Forums > Photography Talk > Fill flash on an old camera.

Photographer

Madcrow Photographics

Posts: 7805

Boston, Massachusetts, US

My primary camera is a real oldster, with first generation TTL flash circuitry based Nikon's classic center-weighted averaging metering system. While this works great for indoor events where the flash is the primary light source, I've heard that this doesn't give the best results where you're just using the flash to lighten up a few shadows, which seems to be something I need badly.

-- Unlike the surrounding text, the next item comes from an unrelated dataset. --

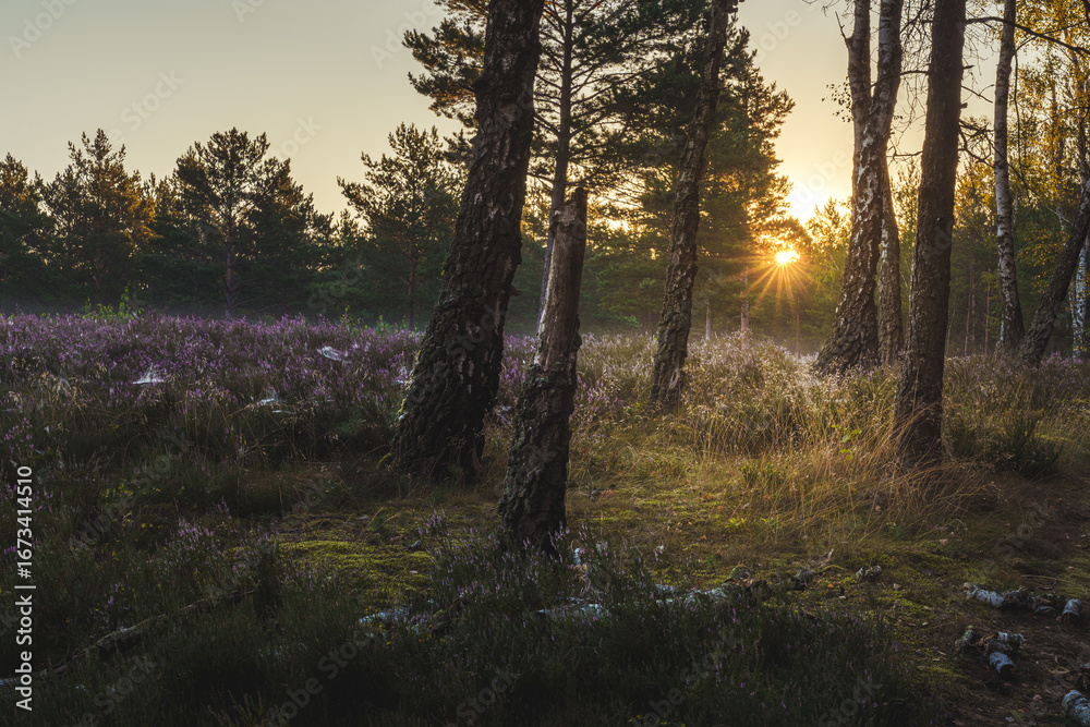 Fototapeta na wymiar - Wczesny poranek w środku mazowieckiego parku, promienie słońca przedzierające się przez leśne drzewa na wrzosowisku.

Do any "old timers" have some recommendations for doing fill flash with such a system (a Nikon FG with a SB-15 flash unit, for those who are curious)

Mar 30 07 08:54 pm Link

Photographer

former_mm_user

Posts: 5521

New York, New York, US

not familiar with that specific flash, but assuming that there is no ttl compatibility, set it to auto and use whatever aperture cross-reference the unit gives you to set your aperture.  then use the camera's ambient meter to get the ambient exposure.  decide what balance you want and change the aperture/speed accordingly.

Mar 30 07 08:57 pm Link

Photographer

Madcrow Photographics

Posts: 7805

Boston, Massachusetts, US

Christopher Bush wrote:
not familiar with that specific flash, but assuming that there is no ttl compatibility, set it to auto and use whatever aperture cross-reference the unit gives you to set your aperture.  then use the camera's ambient meter to get the ambient exposure.  decide what balance you want and change the aperture/speed accordingly.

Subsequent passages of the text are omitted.